Energy Department records showed that only Pilipinas Shell’s 110,000-barrel-a-day refinery qualified during the bidding held by the two members of the Malampaya natural gas consortium.
“There was only one qualified bidder that meets the supplier’s criteria which is the PSPC refinery that has been awarded the partial volume. The utilization of the said gas volume by PSPC will start in 2018,” the department said. It did not specify the awarded volume.
Sources said Shell was utilizing natural gas for the power requirements of its refinery. Shell is the sister company of Spex which owns a 45-percent stake in Malampaya gas-to-power project in Palawan.
Shell still had to undergo bidding for the banked gas after the government decided to offer it via a public bidding.
Spex officials earlier said the banked gas sale last year drew “basement prices” amid the low global oil price environment
“We’re working with the government. We are still making sure that we will be able to monetize it, to bring it to the power plants. We are aware that San Gabriel and Avion are just nearly completed. They are already going hot commissioning. We are sure there will be discussions on how to get gas to fire those new power plants,” Spex managing director Sebastian Quinones said earlier.
Quinones said there was a winning bid in the joint bidding for the banked gas located at the Malampaya natural gas field northwest off Palawan but it was of small quantity and drew very low prices.
“I would like to use the term that Secretary Monsada used and that we got basement prices, not floor prices.
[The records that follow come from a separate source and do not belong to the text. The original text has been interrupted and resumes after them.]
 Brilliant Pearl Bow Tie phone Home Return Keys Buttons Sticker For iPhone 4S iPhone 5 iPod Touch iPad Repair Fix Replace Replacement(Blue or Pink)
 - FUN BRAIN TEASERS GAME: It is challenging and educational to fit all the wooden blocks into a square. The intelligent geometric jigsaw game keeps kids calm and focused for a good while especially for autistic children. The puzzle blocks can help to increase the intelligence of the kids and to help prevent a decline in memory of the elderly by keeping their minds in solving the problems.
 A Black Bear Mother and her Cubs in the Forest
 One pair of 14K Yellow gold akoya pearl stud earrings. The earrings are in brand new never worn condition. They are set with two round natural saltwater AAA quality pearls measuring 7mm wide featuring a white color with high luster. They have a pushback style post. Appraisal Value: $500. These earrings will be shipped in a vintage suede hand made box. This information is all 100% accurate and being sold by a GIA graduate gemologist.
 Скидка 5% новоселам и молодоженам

That’s why we obviously want to make sure that the government is also not impacted [by the low oil prices],” Quinones.
He did not disclose the winning bidder at that time, but he said the consortium members were still negotiating with other interested bidders.
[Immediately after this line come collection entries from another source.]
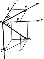 Полная напряженность магнитного поля может быть разложена на составляющие: вертикальную Z, направленную к центру Земли, и горизонтальную H, расположенную в плоскости истинного горизонта (Рис. 2). Сила Н направлена по горизонту вдоль меридиана и является единственной силой, удерживающей магнитную стрелку в направлении магнитного меридиана.
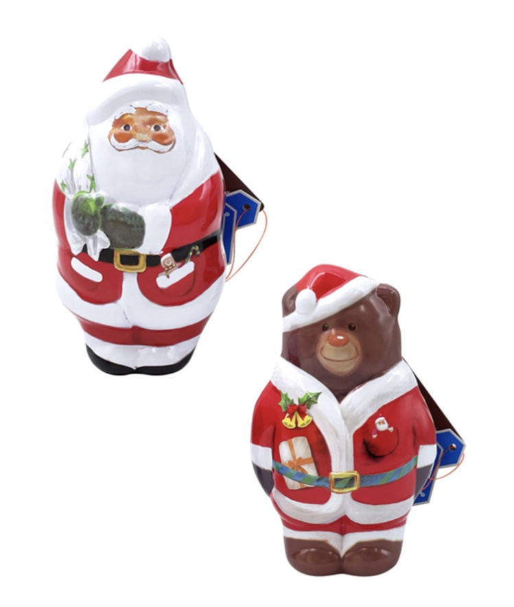 コロンと丸みのあるフォルムが可愛らしいサンタさんとクマさんの缶に、ビスケット・キャンディ・チョコレートのお菓子が入ったアイテムです。
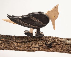 In addition to their striking features, woodpeckers are notorious for, well, pecking wood. They use their long beaks to peck, drill, and drum wood for hours, relying on their strong tail feathers to support them as they cling to a tree trunk or branch. They also have two back toes to lean on! My woodpecker ramp walker does not have helpful toes, but it does have movable legs that will get it from point A to point B. All this dynamic toy needs is gravity to get moving.
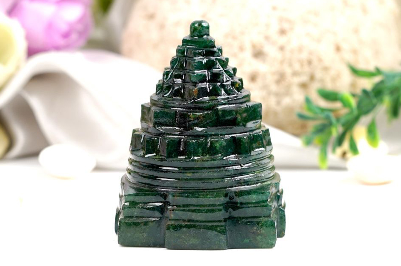 Shree Yantra with fine geometry is perfectly etched in pyramidal form on natural green Jade gemstone. The Yantra features sacred geometry of steps in form of Bhupura leading to concurring chakra (circles) and 16 and 8 petal lotuses ascending to multiple triangular steps finally leading to focal point for convergence of soul with divine Goddess Lalita. Shree Yantra also called Sri Chakra is a very powerful and auspicious Yantra. Its sacred geometry symbolizes the divine energies of Goddess Tripura Sundari and carries the potency and blessings of all Gods and Goddess. It is also the cosmic representation of the evolution of human to God; hence helps achieve growth and success in all realms of life. Made in Green Jade, it promotes love, trust, reliability, peace, protection and tranquillity through the cleansing properties of the gemstone.
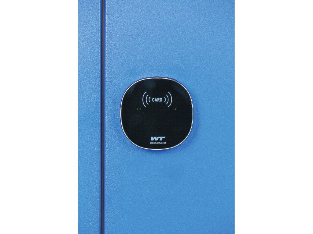 Dveře jsou osazeny RFID zámkem, který umožňuje rychlé a hygienické odemykání. Stačí přiložit kartu nebo čip. Tento systém je ideální při častém střídání uživatelů. Výhodou je i snadná správa přístupových práv – přidávání i odebírání karet probíhá přímo na zařízení. Zámek je kompatibilní s kartami Mifare (13,56 MHz) a napájen baterií CR2450 s dlouhou výdrží. nechybí ani indikátor nízkého stavu baterie. Karty nejsou součástí balení.
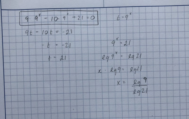 Nu har du slarvat till det, det ska ju inte vara lg(9)/log(21). Utan log(21)/log(9).

Quinones said the sale of remaining natural gas would depend on “what the market is asking.”
The invitation to prospective investors for the banked gas earlier stated that Shell Exploration B.V, Chevron Malampaya LLC, PNOC Exploration Corp. and PNOC would jointly tender their respective gas volume entitlements under service contract 38.
The quantity of gas available was up to 227.995 petajoules with average daily quantity of up to 78.1 terajoules which was available for delivery from Jan. 1, 2016 and up to Feb. 23, 2024.
The banked gas is estimated to fuel a natural gas plant with a capacity of 400 megawatts.
“As we go forward, we obviously want the government to benefit also and also the consortium,” Quinones said.